As with Bitcoin, decentralized organisations have very many “network rules” guiding what things need to be done, and how. Indeed, most conversations about a given decision tend to be about resolving differences of perspective in order to avoid a social “fork” between different groups in the project. There is a major difference, however, in that most rules in decentralized organisations are not formally stated, or even stated at all; moreover, there is a reason that they are not generally formalised: they are not generally enforceable, and so anyone may freely act differently without penalty (save that of facing majority disagreement in some cases). Unfortunately, this tends in typical (un-designed) cases to create an environment of more-or-less perpetual disagreement, along with unsurprising levels of social toxicity, since there is seldom a systemic need to discuss anything unless it is a point of difference about things needing to be done. The subjects of the preceding sections in this piece have proposed alternative, scalable ways of reaching finality, which I expect should significantly lessen both the toxicity and the amount of conversation required. However, this section offers something more fundamental: a distinction between what actually requires consensus, and what can be either offloaded to self-sovereign teams, or left to casual discussion. If awareness of what truly requires consensus were to become widespread in a decentralized organisation, almost all conversations would come packaged with a sense of their import, so that (a) most topics would not fundamentally matter, and (b) if a topic does not fundamentally matter, then any disagreements are not fundamentally significant. As such, I expect the knowledge that such disagreements are not an organisational threat will take the teeth out of them.

Anyway, the goal of this subsection is to establish a rigorous analogy between “form” in both Bitcoin and decentralized organisations. My thesis is that, like Bitcoin, there is only one datum that need be subject to consensus in a decentralized organization, and everything else naturally depends upon it: the determination of which labour to remunerate.
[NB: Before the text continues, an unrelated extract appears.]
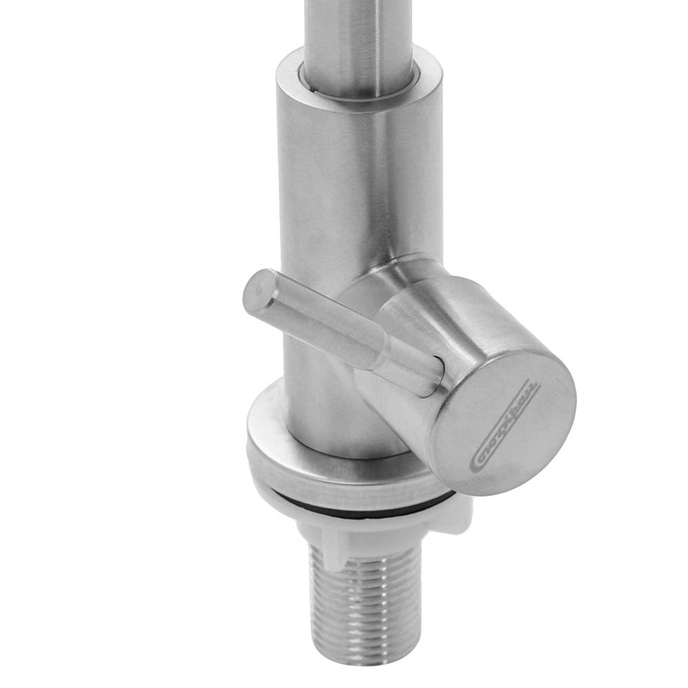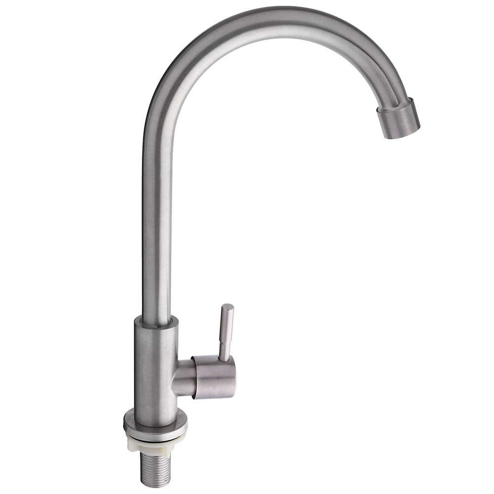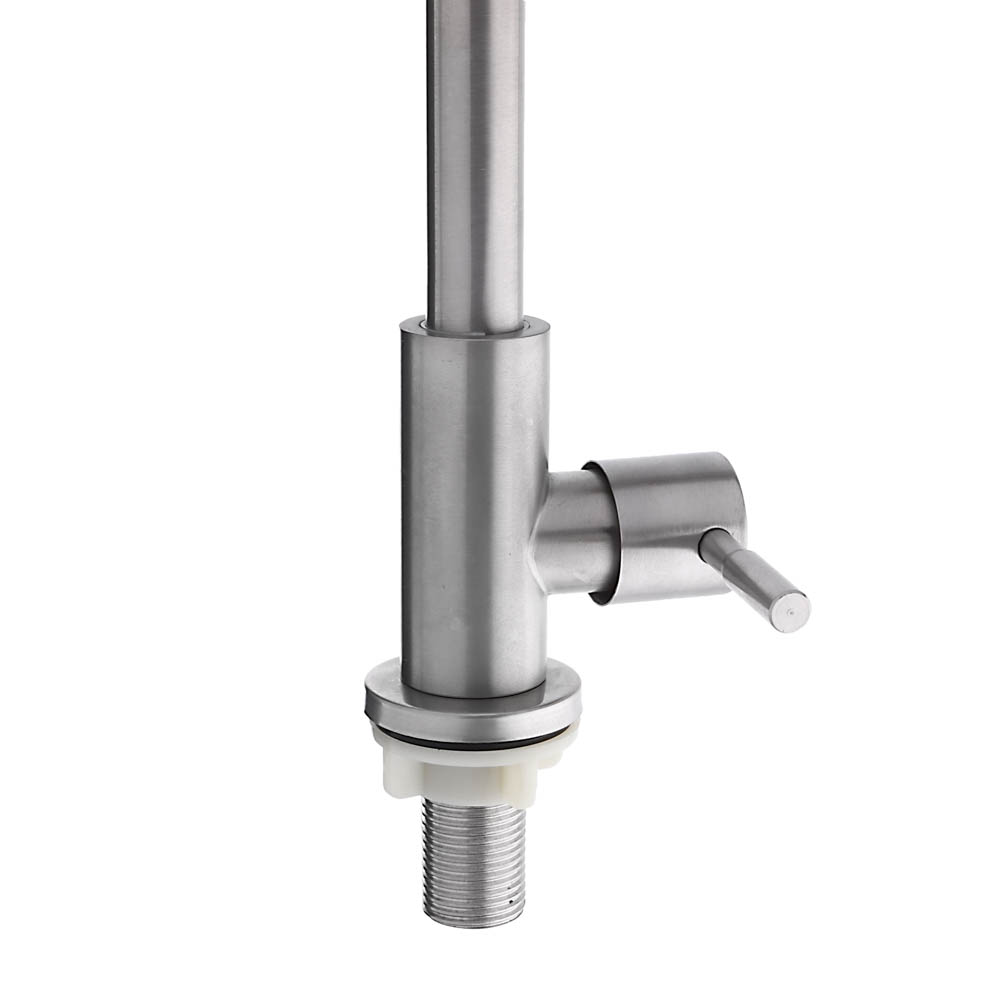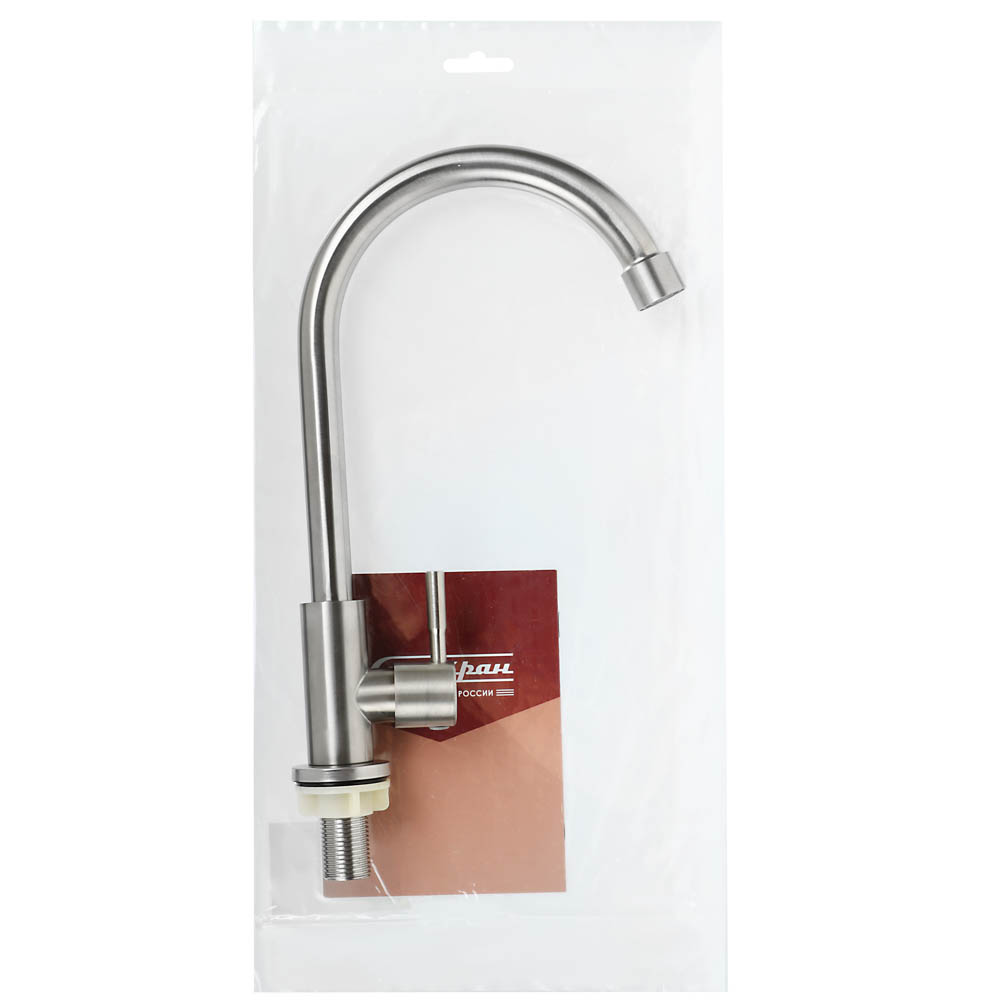 Кран для холодной воды SS06-R332 от СоюзКран прекрасно подойдет для мойки любого размера. Выполнен из нержавеющей стали, что является гарантией качества и долговечности, устойчив к царапинам и перепадам температур, экологичен и безопасен для здоровья. Поверхность не потеряет со временем свой роскошный вид, а уход за ней сводится к протиранию мягкой салфеткой. Оснащен надежным рычажным механизмом включения, настройки и регулировки воды с керамическим картриджем 25 мм, который не требует обслуживания, работает четко и не подвержен износу.

Unlike the case of “energy,” the analogy of “form” is more complex to draw. I will begin by delineating its limits and noting two disanalogies, before establishing the rigour of the analogy.

Limits upon the mechanism

The limits upon this mechanism are as discussed above: it would obtain provided there is no general state of economic or political superabundance, and provided that the core labour is not trivially easy. Within these limits, I hold that a decentralized organisation’s consensus mechanism can function like Bitcoin’s “narrow target” as discussed above, by controlling both whether workers are (a) not using enough “energy” and (b) not using it efficiently enough (e.g. it may become evident that a worker doesn’t have good enough skills for a job, or fails to deliver responsibly on project goals).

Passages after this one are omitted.